Author: Tian Yi Source: BKJIA
I left the office at noon because I attended the MS new product release conference that day. When I was on my way to the conference room in a taxi, my colleague called to say that the primary database had a write protection error. This is incredible. All applications rely on this database. In my mind, do not miss anything. Otherwise, you will not be able to participate! So I told my colleagues on the phone to restart the mysql database and try again. Fortunately, the problem is solved after the restart.
As soon as the meeting is over, you can quickly find the cause of the fault. Here we will first describe the platform environment and clarify the logical relationship. This application is composed of a web Front-End Server, a tomcat application server, and a mysql server. All the systems are linux. Your request is sent to the front-end apache server. If the request page is. jsp, apache forwards the request to the tomcat server. tomcat then obtains data from the database or inserts a record into the database. This is a typical layer-3 application logic.
Log on to the mysql server, use the mysql client to connect to the mysql database, and run the command mysql> show processlist. No exception is found, and the load is low. It seems that there is no name here. Next, check the mysql Error Log and find the following exceptions:
080313 11:25:35 InnoDB: Error: cannot allocate 1064960 bytes ofInnoDB: memory with malloc! Total allocated memoryInnoDB: by InnoDB 1233305429 bytes. Operating system errno: 12InnoDB: Check if you should increase the swap file orInnoDB: ulimits of your operating system.InnoDB: On FreeBSD check you have compiled the OS withInnoDB: a big enough maximum process size.InnoDB: Note that in most 32-bit computers the processInnoDB: memory space is limited to 2 GB or 4 GB.InnoDB: We keep retrying the allocation for 60 seconds...080313 11:26:08 [ERROR] /usr/local/mysql/bin/mysqld: Sort aborted080313 11:26:19 InnoDB: Error: cannot allocate 1064960 bytes ofInnoDB: memory with malloc! Total allocated memory |
The error message is that the memory is basically exhausted and there is no space available for allocation. This determines what results in a huge load, resulting in the system memory being squeezed out. However, the database server is now stable and cannot be found for any reason.

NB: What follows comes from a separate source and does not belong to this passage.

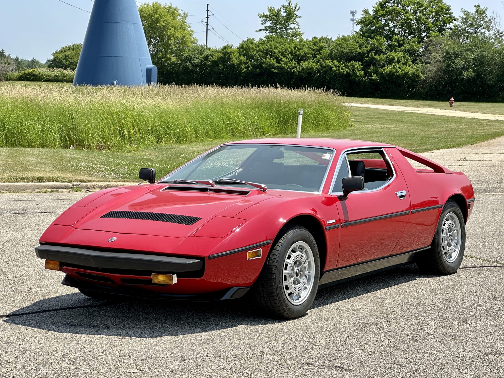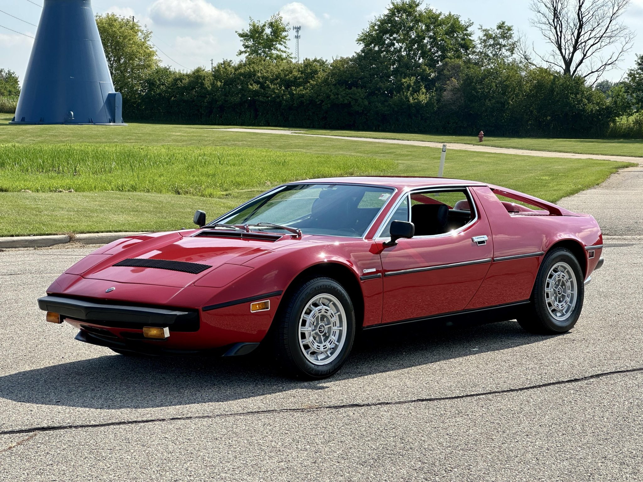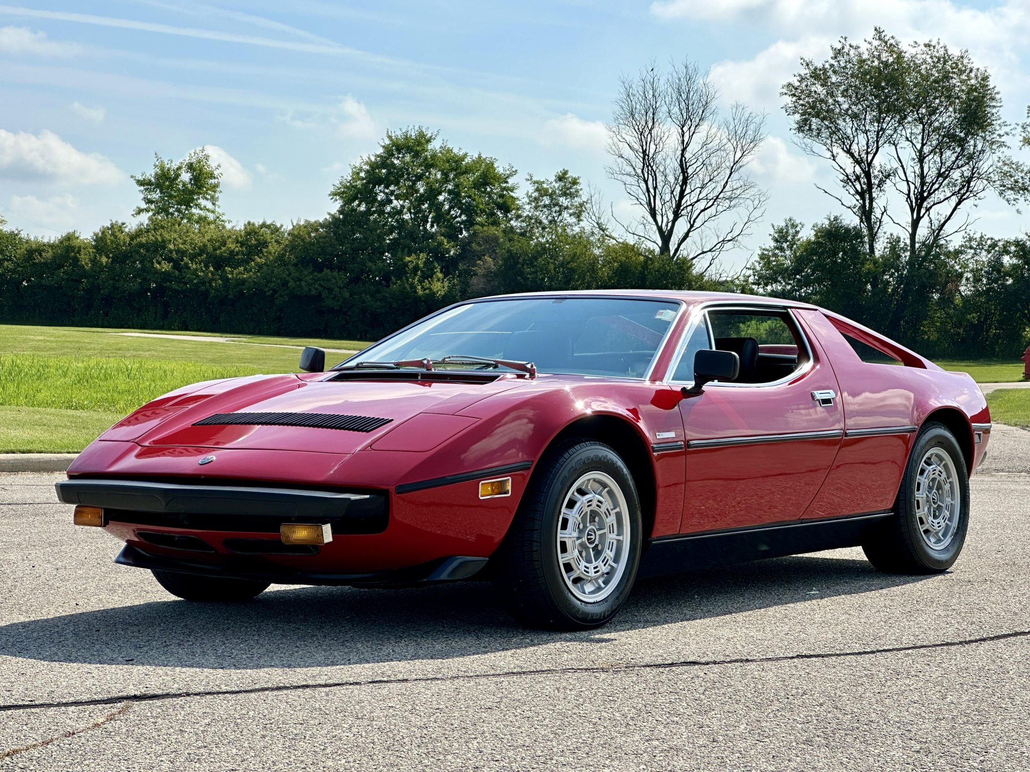 Silver 15″ Campagnolo wheels are mounted with BFGoodrich Radial T/A tires measuring 215/60 up front and 235/60 out back. The Merak rides on a 102.4″ wheelbase and features a fully independent suspension with double wishbones, coil springs, and telescopic shock absorbers as well as front and rear anti-roll bars. Stopping power is provided by a Citroen-sourced hydraulically boosted ventilated disc brake system. Imperfections in the paint are visible on the wheels, and the selling dealer notes that the tires are dry rotted.

I got the basic information and stopped for a moment. So I took the mail and sent an alert email. The content of the email was as follows:
***** Nagios 2.9 *****Notification Type: PROBLEMService: check_loadHost: tomcat nch100Address: 61.154.105.100State: WARNINGDate/Time: Thu Mar 13 10:59:53 CST 2008Additional Info:WARNING - load average: 3.94, 8.56, 9.17 |
The alarm message indicates that the load on the host 61.154.105.100 is too large. This host is a tomcat server. It seems that the problem lies in it. In order to confirm your ideas in the near future, let's take a look at the network traffic:
498) this. style. width = 498; "border = 0> |
|
The traffic diagram shows that,The time when abnormal traffic is generated is exactly the same as the time when alarm information is generated.,Call a colleague again,Q: "You are all in61.154.105.100What did this machine do??", A:" An incorrect executionSQLStatement.SQLStatement ". So far, find out the cause!